Russia’s military divided as Putin struggles to deal with Ukraine’s counteroffensive, US sources say

Russia’s military is divided over how best to counter Ukraine’s unexpected battlefield advances this month, according to multiple sources familiar with US intelligence, as Moscow has found itself on the defensive in both the east and the south.
Russian President Vladimir Putin is himself giving directions directly to generals in the field, two sources familiar with US and western intelligence said — a highly unusual management tactic in a modern military that these sources said hints at the dysfunctional command structure that has plagued Russia’s war from the beginning.

Intelligence intercepts have captured Russian officers arguing among themselves and complaining to friends and relatives back home about decision-making from Moscow, one of these sources told CNN.

Russian President Vladimir Putin listens to Vitaly Mutko, the chief executive officer of Dom.RF, a state-owned company involved in the mortgage and realty market during their meeting at the Kremlin in Moscow. (AP)

And there are significant disagreements on strategy with military leaders struggling to agree on where to focus their efforts to shore up defensive lines, multiple sources familiar with US intelligence said.

The Russian Ministry of Defence has claimed that it is redeploying forces toward Kharkiv in the northeast — where Ukraine has made the most dramatic gains — but US and western sources say the bulk of Russian troops still remain in the south, where Ukraine has also mounted offensive operations around Kherson.

Putin announced a partial mobilisation on Wednesday that is expected to include the call-up of up to 300,000 reservists.
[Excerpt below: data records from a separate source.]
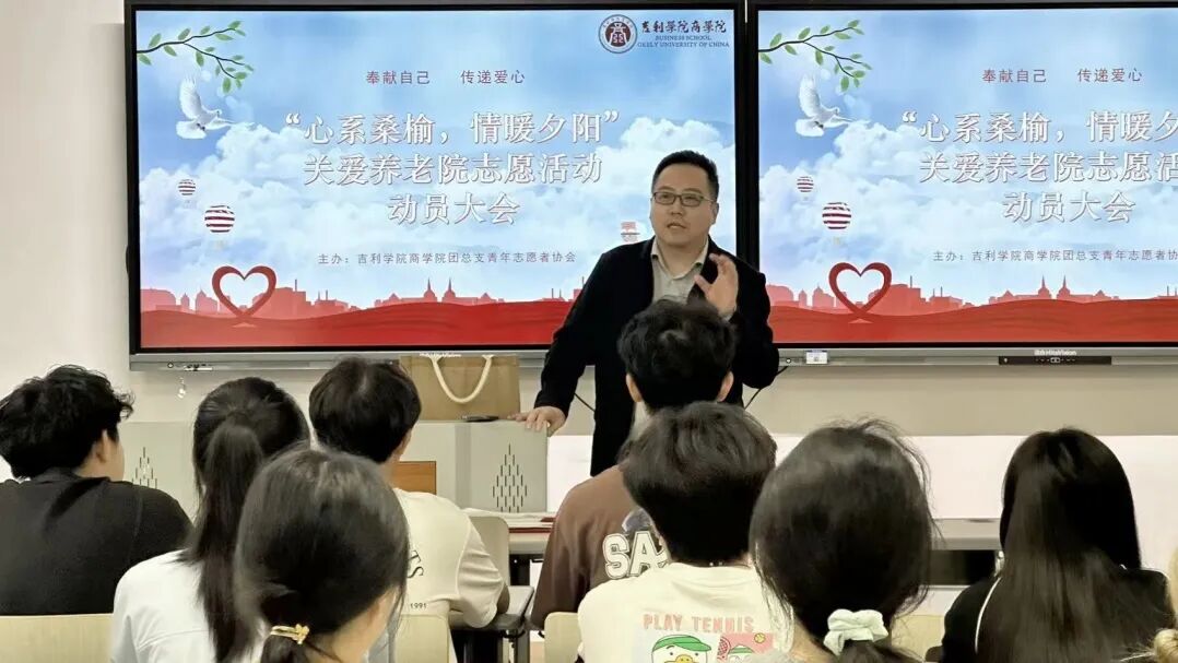 为弘扬中华优秀传统文化,传承尊老敬老的传统美德,增强青少年的社会责任感和志愿服务意识,商学院团总支青年志愿者协会于2025年10月14日在立德楼204教室开展了以“心系桑榆,情暖夕阳”关爱养老志愿活动为主题的动员大会。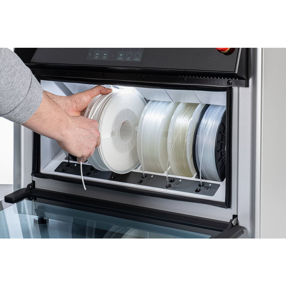 - Автоматизированная система подачи материала с поддержкой низкой относительной влажности.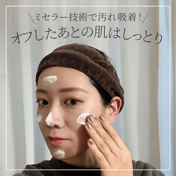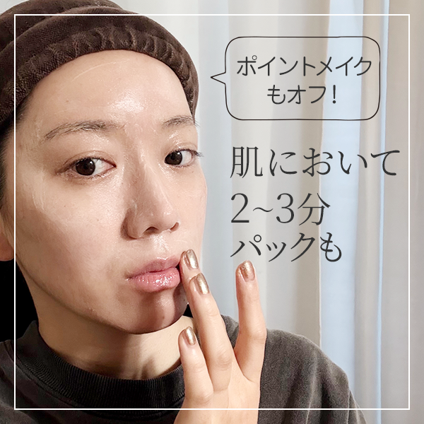 筆者の場合、アイメイクやリップもまったく問題なくオフすることができました。何より肌になじませるととても気持ちがよく、美容成分が99.2%(水・乳化洗浄成分を含む)なので、2~3分おいてパックするのもおすすめ!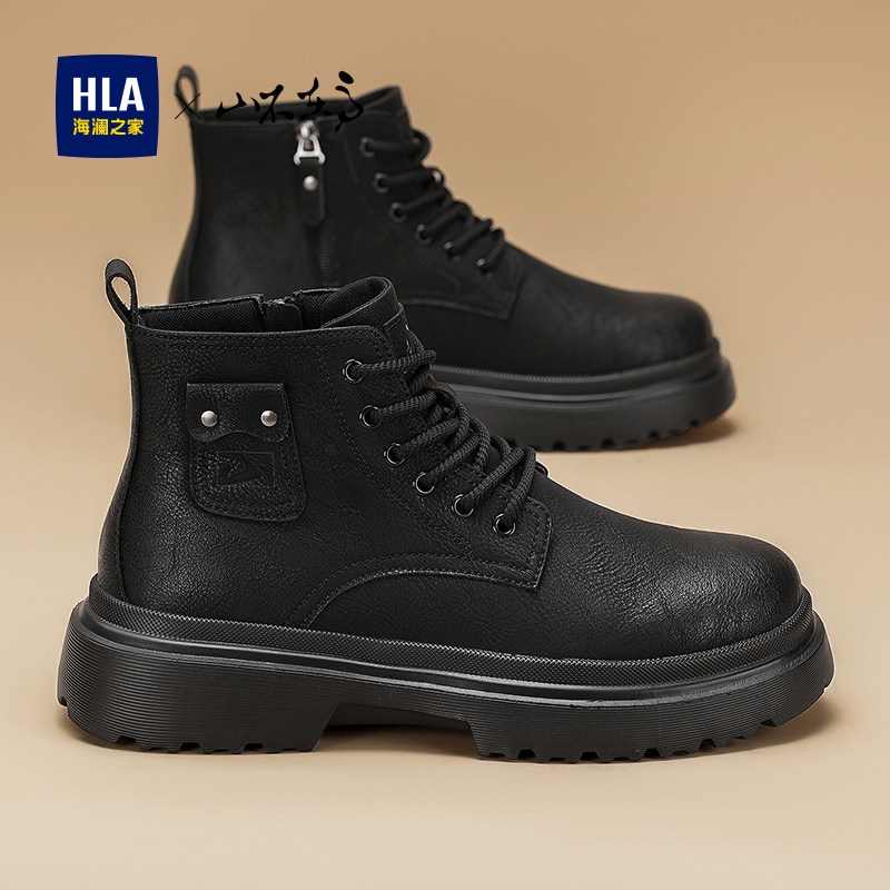 HLA/海澜之家男鞋高帮冬季潮流皮靴户外马丁靴英伦风加绒工装男靴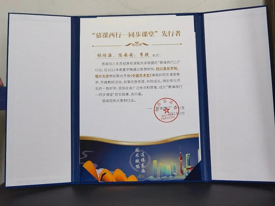 另,从学校教务处发来的好消息:我院三位青年教师杨鸿源博士、陈安安博士、李捷博士获得了“慕课西行——同步课堂”先行者荣誉证书!这是东西部高校课程共享联盟开展的“慕课西行2.0”行动。在2021年春夏学期,通过智慧树网,伟德bv国际体育与喀什大学两校联合开展省级一流课程《中国艺术史》同步课堂教学,三位教师积极参与、认真完成同步公开课堂,受到参与师生的一致好评,并受到社会广泛关注和赞誉,他们成为“慕课西行——同步课堂”的实践者、先行者,因此获得了该项殊荣。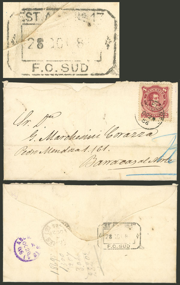 Commercial cover sent from LAS FLORES to Barracas al Norte (Buenos Aires) on 28/OC/1886 franked with 8c., on back there is a rectangular datestamp of "EST. AMB. Nº 17 - F. C. SUD" for the same date, VF! (Image)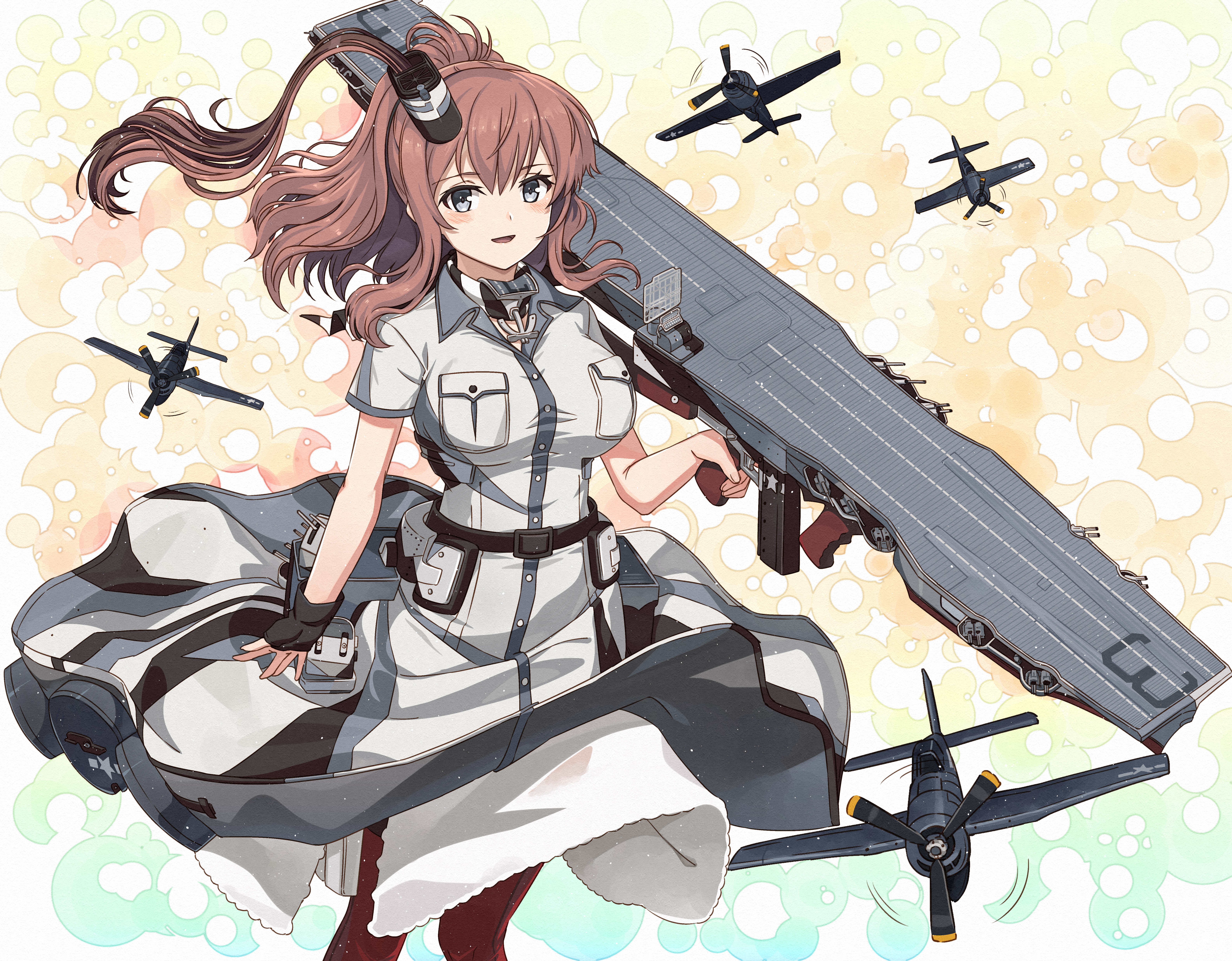 1girl absurdres aircraft black_gloves blush breast_pocket breasts brown_hair commentary_request commission fingerless_gloves flight_deck gloves grey_eyes hair_ornament high_side_ponytail highres holding kanmiya_shinobu kantai_collection large_breasts long_hair looking_at_viewer open_mouth pocket ponytail red_thighhighs saratoga_(kancolle) saratoga_mk_ii_(kancolle) short_sleeves side_ponytail simple_background single_glove skeb_commission smokestack_hair_ornament solo thighhighs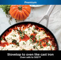 OVEN SAFE: Easily go from stovetop to oven to finish cooking meats, brown toppings, or bake like you can in cast iron. Lids, handles and nonstick coating are all oven safe up to 500°F.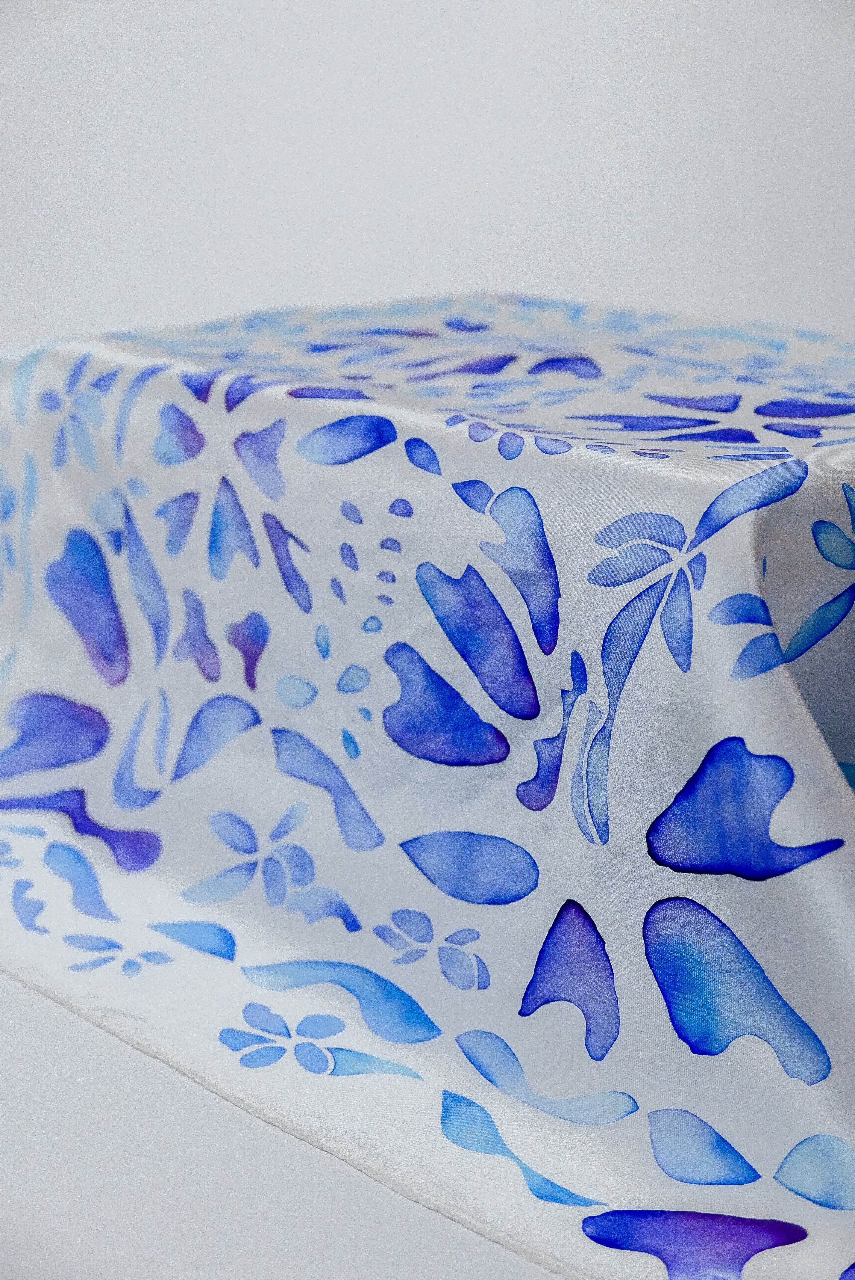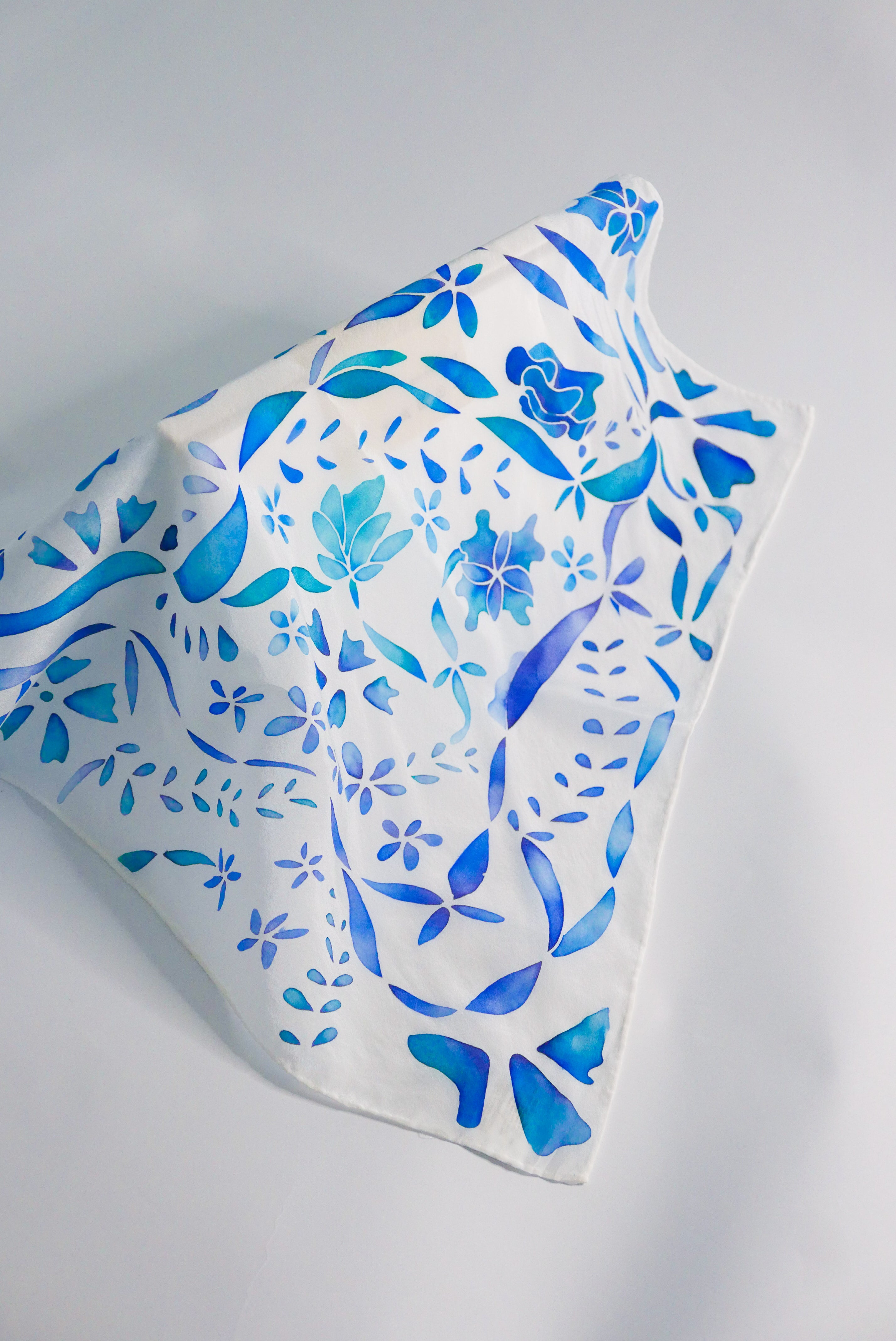 Using water-based silk gutta, paints and intuitive strokes, the process is done slowly and entirely in-studio.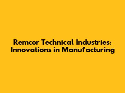 Remcor Technical Industries: Innovations In Manufacturing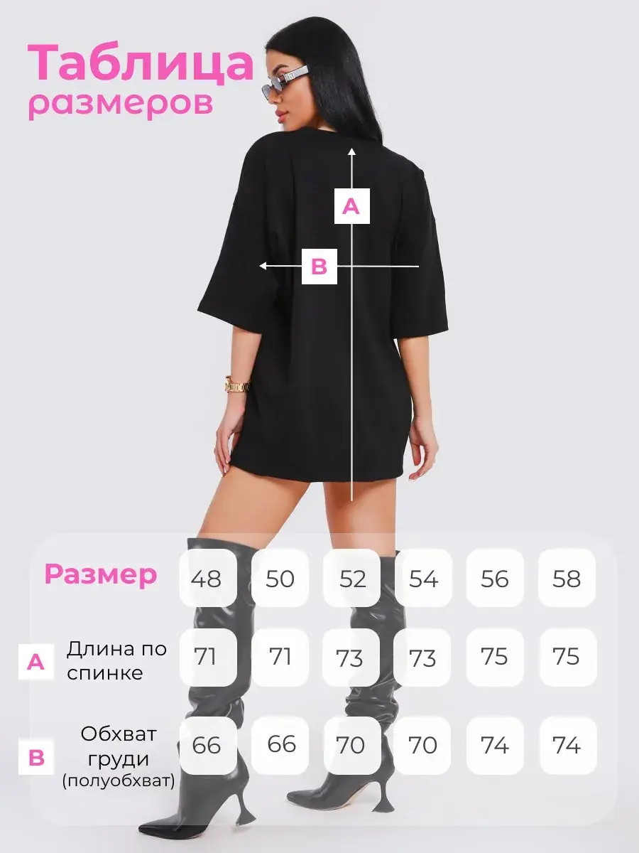 Женская футболка - это идеальный выбор для всевозможных случаев! Будь то дом, офис, спортзал или пляж, эта свободная и удлиненная одежда создана для того, чтобы подчеркнуть ваш стиль. Выполненная из хлопкового материала высокого качества, она идеально подходит для повседневного использования. Оверсайз крой делает её удобной и практичной для любых активностей. Длинные футболки стали настоящим хитом этого года среди беременных женщин, подростков и девушек. Легкая, премиум-класса ткань обеспечивает вам комфорт на протяжении всего дня. Это незаменимая базовая вещь как для повседневного гардероба, так и для занятий спортом или танцами. Эта однотонная футболка идеально сочетается с шортами или узкими джинсами - прекрасный вариант для офиса или школы. Вы можете выбрать подходящий Вам размер,ориентируясь на Ваши предпочтения-футболки подойдут на размеры от 42 до 62р. Желаем Вам удачных покупок!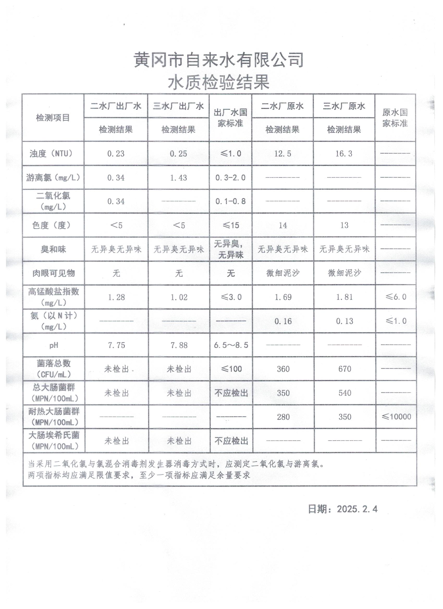 2025年2月4日水質(zhì)檢測(cè)日?qǐng)?bào)表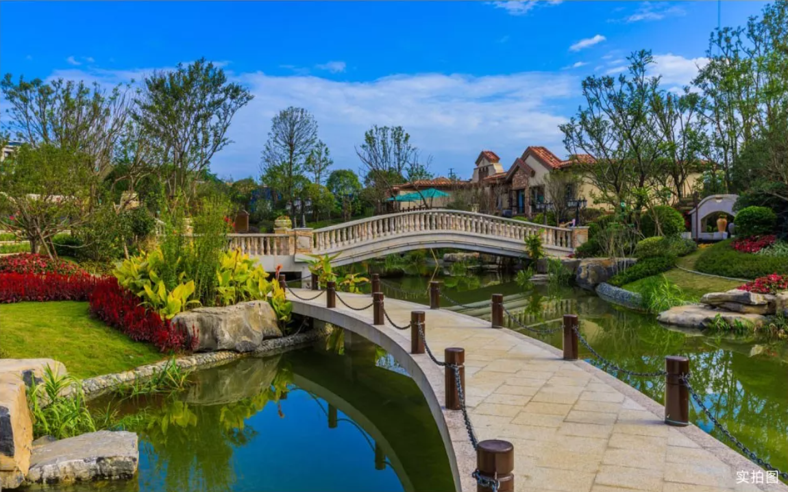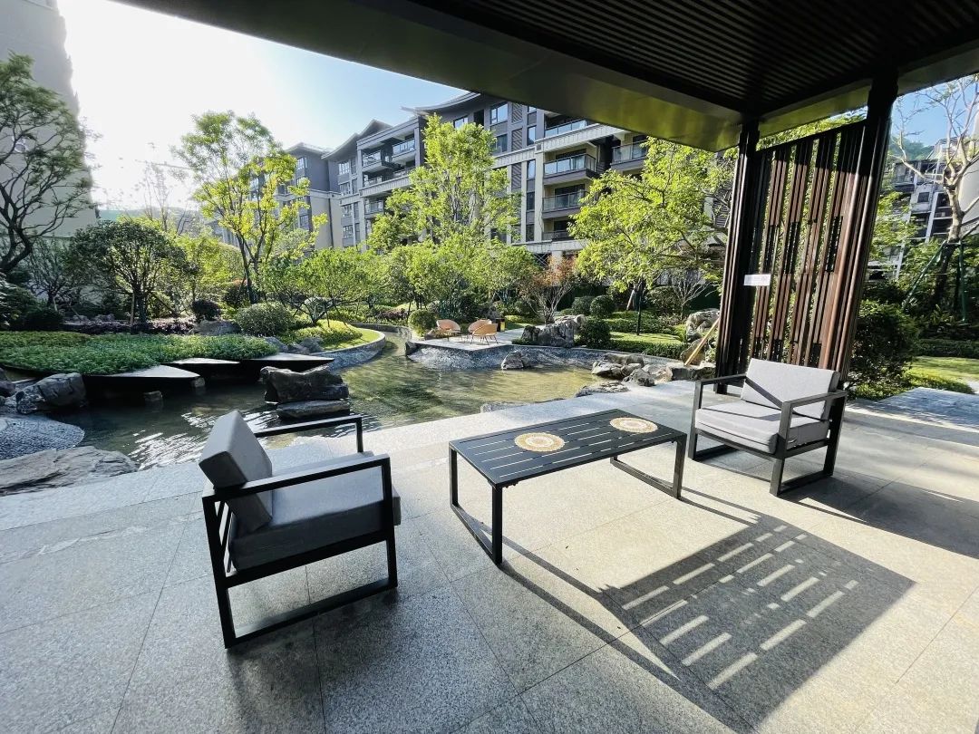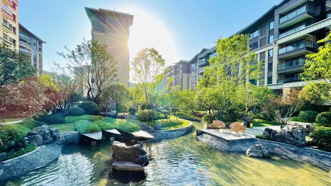 興進·御園交房現(xiàn)場,超低的建筑密度、高綠化的意式園林,一條靈劍溪蜿蜒地從小區(qū)中間穿過,業(yè)主漫步園中,沿溪而行,移步易景,仿若"人在畫中游"。

He has for months resisted taking that step and Biden administration officials said Wednesday that the fact he has moved to do so now highlights the severity of Russia’s manpower shortages and signals a growing desperation.

It’s not clear that the mobilisation will make any operational difference on the battlefield, or merely prolong the length of the war without changing the outcome, according to Russian military analysts.

And while Russia flails on the battlefield, officials in Moscow have scrambled to assign blame for Russia’s abrupt turn in fortunes, a senior NATO official said.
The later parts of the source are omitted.